--- Records for this task ---
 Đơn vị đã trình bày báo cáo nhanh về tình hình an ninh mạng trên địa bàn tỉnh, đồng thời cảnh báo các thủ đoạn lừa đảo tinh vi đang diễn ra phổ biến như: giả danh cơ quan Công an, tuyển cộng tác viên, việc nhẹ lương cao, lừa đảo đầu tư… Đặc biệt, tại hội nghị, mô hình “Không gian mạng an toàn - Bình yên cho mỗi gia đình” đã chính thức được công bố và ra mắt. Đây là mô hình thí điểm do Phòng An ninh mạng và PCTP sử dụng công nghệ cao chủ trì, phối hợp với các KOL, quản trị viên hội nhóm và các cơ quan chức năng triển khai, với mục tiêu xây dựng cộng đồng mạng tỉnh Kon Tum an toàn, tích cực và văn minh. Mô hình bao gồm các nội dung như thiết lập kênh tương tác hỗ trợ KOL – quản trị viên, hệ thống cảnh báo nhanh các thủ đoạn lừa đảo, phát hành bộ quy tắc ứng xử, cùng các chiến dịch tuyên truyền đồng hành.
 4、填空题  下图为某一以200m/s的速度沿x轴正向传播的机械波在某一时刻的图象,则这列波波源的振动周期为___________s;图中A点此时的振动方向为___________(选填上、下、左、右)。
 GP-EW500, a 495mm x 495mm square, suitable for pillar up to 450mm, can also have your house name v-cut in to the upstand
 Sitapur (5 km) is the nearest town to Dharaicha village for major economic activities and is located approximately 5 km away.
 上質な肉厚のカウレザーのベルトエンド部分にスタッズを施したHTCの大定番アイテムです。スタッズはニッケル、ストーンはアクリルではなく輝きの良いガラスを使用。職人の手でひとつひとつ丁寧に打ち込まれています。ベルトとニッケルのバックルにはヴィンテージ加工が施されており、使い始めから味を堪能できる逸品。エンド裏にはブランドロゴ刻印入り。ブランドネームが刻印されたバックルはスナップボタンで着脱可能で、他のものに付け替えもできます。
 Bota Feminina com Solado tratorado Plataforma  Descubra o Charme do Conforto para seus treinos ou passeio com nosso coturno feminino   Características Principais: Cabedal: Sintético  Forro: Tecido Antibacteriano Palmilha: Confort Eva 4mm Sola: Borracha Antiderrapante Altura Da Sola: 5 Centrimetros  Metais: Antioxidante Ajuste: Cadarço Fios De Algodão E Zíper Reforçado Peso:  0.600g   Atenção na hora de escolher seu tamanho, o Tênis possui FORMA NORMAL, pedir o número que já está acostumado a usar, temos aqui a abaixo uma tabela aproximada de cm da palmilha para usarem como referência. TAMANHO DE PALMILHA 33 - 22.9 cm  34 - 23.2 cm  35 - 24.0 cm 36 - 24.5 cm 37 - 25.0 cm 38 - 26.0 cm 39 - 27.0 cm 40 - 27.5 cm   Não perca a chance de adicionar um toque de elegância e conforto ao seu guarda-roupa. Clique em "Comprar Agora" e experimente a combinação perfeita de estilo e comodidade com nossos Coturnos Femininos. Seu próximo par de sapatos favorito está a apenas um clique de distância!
---
## Task directions
Write out, word for word, the line containing "4、填空题  下图为某一以2" and all the lines after it in the entries above, and nothing more.

## Expected answer
 4、填空题  下图为某一以200m/s的速度沿x轴正向传播的机械波在某一时刻的图象,则这列波波源的振动周期为___________s;图中A点此时的振动方向为___________(选填上、下、左、右)。
 GP-EW500, a 495mm x 495mm square, suitable for pillar up to 450mm, can also have your house name v-cut in to the upstand
 Sitapur (5 km) is the nearest town to Dharaicha village for major economic activities and is located approximately 5 km away.
 上質な肉厚のカウレザーのベルトエンド部分にスタッズを施したHTCの大定番アイテムです。スタッズはニッケル、ストーンはアクリルではなく輝きの良いガラスを使用。職人の手でひとつひとつ丁寧に打ち込まれています。ベルトとニッケルのバックルにはヴィンテージ加工が施されており、使い始めから味を堪能できる逸品。エンド裏にはブランドロゴ刻印入り。ブランドネームが刻印されたバックルはスナップボタンで着脱可能で、他のものに付け替えもできます。
 Bota Feminina com Solado tratorado Plataforma  Descubra o Charme do Conforto para seus treinos ou passeio com nosso coturno feminino   Características Principais: Cabedal: Sintético  Forro: Tecido Antibacteriano Palmilha: Confort Eva 4mm Sola: Borracha Antiderrapante Altura Da Sola: 5 Centrimetros  Metais: Antioxidante Ajuste: Cadarço Fios De Algodão E Zíper Reforçado Peso:  0.600g   Atenção na hora de escolher seu tamanho, o Tênis possui FORMA NORMAL, pedir o número que já está acostumado a usar, temos aqui a abaixo uma tabela aproximada de cm da palmilha para usarem como referência. TAMANHO DE PALMILHA 33 - 22.9 cm  34 - 23.2 cm  35 - 24.0 cm 36 - 24.5 cm 37 - 25.0 cm 38 - 26.0 cm 39 - 27.0 cm 40 - 27.5 cm   Não perca a chance de adicionar um toque de elegância e conforto ao seu guarda-roupa. Clique em "Comprar Agora" e experimente a combinação perfeita de estilo e comodidade com nossos Coturnos Femininos. Seu próximo par de sapatos favorito está a apenas um clique de distância!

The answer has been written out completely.